# be different.



## jarrod (Jan 10, 2009)

my school is far from a commercial giant, but i did want to share a bit of wisdom that has served me well. amp-ryu's thread about his troubles with another tkd school got me thinking about this:

*don't try to offer something better than other schools. instead offer something different.*

now this doesn't mean quality isn't important; it is. but you can have quality without setting yourself up as a rival to other schools. 

for instance, i run a grappling club. as everyone knows, bjj is the most popular style of grappling for mma. so in our area, there are bjj schools with an mma focus, grappling schools that are not bjj, but that imitate bjj & focus on mma. then there is my club. we offer sport & self-defense oriented grappling. if someone wants to cross over to mma, i will train them for that, & i have a few students who compete in mma. but we are not an mma or bjj school. we are a non-threatening, friendly place to learn effective grappling including throws, takedowns, pins, submissions, & breaks. 

some schools near me have done a great job of capitalizing on the popularity of mma, & that is great. i chose not to, because i don't care for the culture that has developed around the local mma scene, & i like grappling for it's own sake. others have tried to capitalize on mma, & have not done so well, because they were selling a product. that's okay, they will find another product to sell & people will buy it. 

now let's say you run a karate school & have a rivalry with a nearby karate school. what is your focus, & what is theirs? are you both sport-focused schools? traditional? do you both make most of your money off of kids programs? think about it; even if both teach karate, are you that similar? if so, do you need to be? 

let's say you are both sport-oriented schools. once again, is it kids or adults? sparring or forms? empty hand or weapons? of course, you'll probably do all, but most likely you'll have a specialty as will the other school. kind of like how we dabble in mma (successfully, i might add) but are not an mma school per se.   

for the most part, people have an idea of what they want. & if they don't know yet, no amount of marketing is going to change their mind in the long run. meaning someone interested in bareknuckle karate isn't going to train for long at a point fighting place, just like someone who can't show up to work all bruised up is not going to do bareknuckle. somebody really interested in weapons isn't going to stay for long at a place that doesn't offer them. you get the idea. 

this is what i've done with my club. bjj is a good art, & there are some good schools in the area. but bjj usually starts on the ground & doesn't do a lot of leglocks. i have a black belt in judo, & train in sambo, so we do lots of throws & leglocks. both are good approaches, but people will invariably prefer one to the other. & that's fine, i don't want someone who's heart is in bjj to "settle" for training with me. i want students who want to train with me, & i want everyone to find the right school for them. a school can't be all things to all people.

jf


----------



## hkfuie (Jan 11, 2009)

Exactly.

Comparing myself to others can be so insidious! 

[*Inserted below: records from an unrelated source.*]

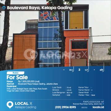 HGB, Strategically Located in Front of Main Road, Shop House Already Elevated from Road, Suitable for Business For Sale Boulevard Raya Shop House, Kelapa Gading, North Jakarta Price: Rp 780,000,xxx (For Sale) Property Description: HGB, Strategically Located in Front of Main Road, Shop House Already Elevated from Road, Suitable for Business Land Area: 72 m² Dimensions: 4.5x16 Building Area: 85.5 m² Certificate: HGB Bedrooms: - Bathrooms: 3 Car Garage: - Facing/View: West LOCAL X Kelapa Gading ******** 021-2906-8xxx Whatsapp/Call: Mariana - 0816-4830-xxx P3KPG-0000xxxx-MT-J
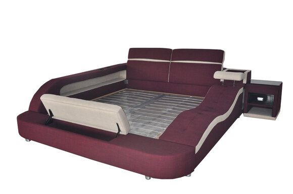 - Luxuriöses Doppelbett in Schwarz-Rot mit USB-Klickautomatik (3-fach Steckplatz)
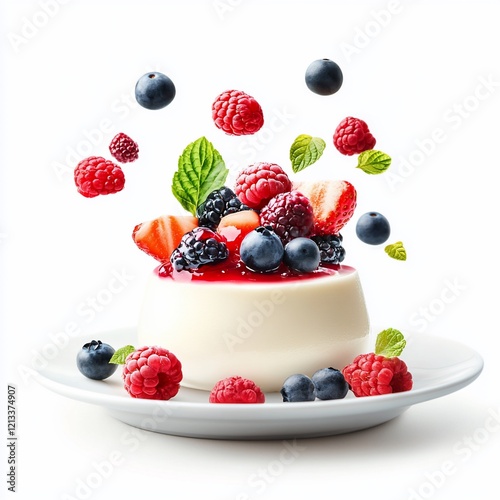 Creamy panna cotta dessert topped with fresh berries and mint.
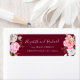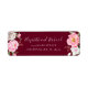 Une élégante étiquette de adresse à fleurs à fleurs roses et à calligraphie manuscrite moderne sur un arrière - plan rouge bordeaux.
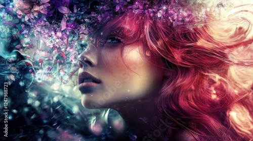 woman, portrait, fantasy, hair, art, digital, beauty, red, pink, purple, blue, green, light, glow, colours, whimsical, dreamy, enchanted, magical, mystical, flower, nature, abstract, surreal, artistic, creative, imagination, vision, intricate, feminine, elegant, graceful, radiant, serene, peaceful, calm, intense, vibrant, stylish, expression, face

I was talking with a local Kenpo instructor and he was telling me that at one point he almost quit teaching. He said making the rent and utilities was such a headache and constantly worrying about having enough students, money, etc. just took the love of teaching from him. It was his wife who suggested he give up the building and teach for free. So he did and he says he loves teaching again. He runs a great school and I am so glad he did not quit!

That really changed my focus because I was stuck in the mindset of having to be "successful" according to others' definitions.

Now, I am not generous enough to be willing to give up all my playtime for free, but I did recognize that I am NOT the kind of person who feels good about running a huge school that needs to do alot of commercial things that go against my own concepts of what I would want in a school. That has been so freeing for me!

Now I am making the decisions based on what I would want out of a school and so my school ends up very aligned with who I am.

Great advice, Jerod. Thanks for making me think more about it.


----------



## terryl965 (Jan 11, 2009)

hkfuie said:


> Exactly.
> 
> Comparing myself to others can be so insidious!
> 
> ...


 

Exactly great post and I agree, even though we have added a few things we or I should I have been very pleased that I still have those that want real MA training.


----------



## hkfuie (Jan 11, 2009)

Yeah, I like how you came to a compromise with your family.  Your situation, if I understand it correctly, is that the classes you do not want to teach, you have other people to do that for you.  That seems to be working out well for you.  I'm glad to hear it, Terry.


----------



## terryl965 (Jan 11, 2009)

hkfuie said:


> Yeah, I like how you came to a compromise with your family. Your situation, if I understand it correctly, is that the classes you do not want to teach, you have other people to do that for you. That seems to be working out well for you. I'm glad to hear it, Terry.


 

Yes Hk I have people running those classes and I still have mine and everybody is happy, I did not have to compomised the way I wanted to teach and those other BB and my wife was able to bring in these programs to help the school stay open. It was a win win stituation for us.


----------



## Brian R. VanCise (Jan 11, 2009)

Jarrod I like your post and thread.  Having some thing different and that you are passionate about is where it is at in my opinion.  Sure you could capitalize on the latest fad but would you be happy doing so.  I know I would not.


----------



## jks9199 (Jan 11, 2009)

jarrod said:


> *don't try to offer something better than other schools. instead offer something different.*
> 
> now this doesn't mean quality isn't important; it is. but you can have quality without setting yourself up as a rival to other schools.



This is something that I think way too many people have lost in our culture.  Nobody is satisfied simply being themselves or offering what they offer; they all have to try to offer everything.  So we get martial arts schools offering 18 dozen programs with no connection to each other.

Kudos, Jarrod, on bucking the trend!


----------



## hkfuie (Jan 12, 2009)

jks9199 said:


> This is something that I think way too many people have lost in our culture. Nobody is satisfied simply being themselves or offering what they offer; they all have to try to offer everything. So we get martial arts schools offering 18 dozen programs with no connection to each other.
> 
> Kudos, Jarrod, on bucking the trend!


 
Exactly.  I remember reading a poem based on the Tao:

"...does not compete, therefore no one in the world can surpass her."

If you are you, there is only one you and nobody can do what you do better. If you are a copycat, there's one of those on every corner.


----------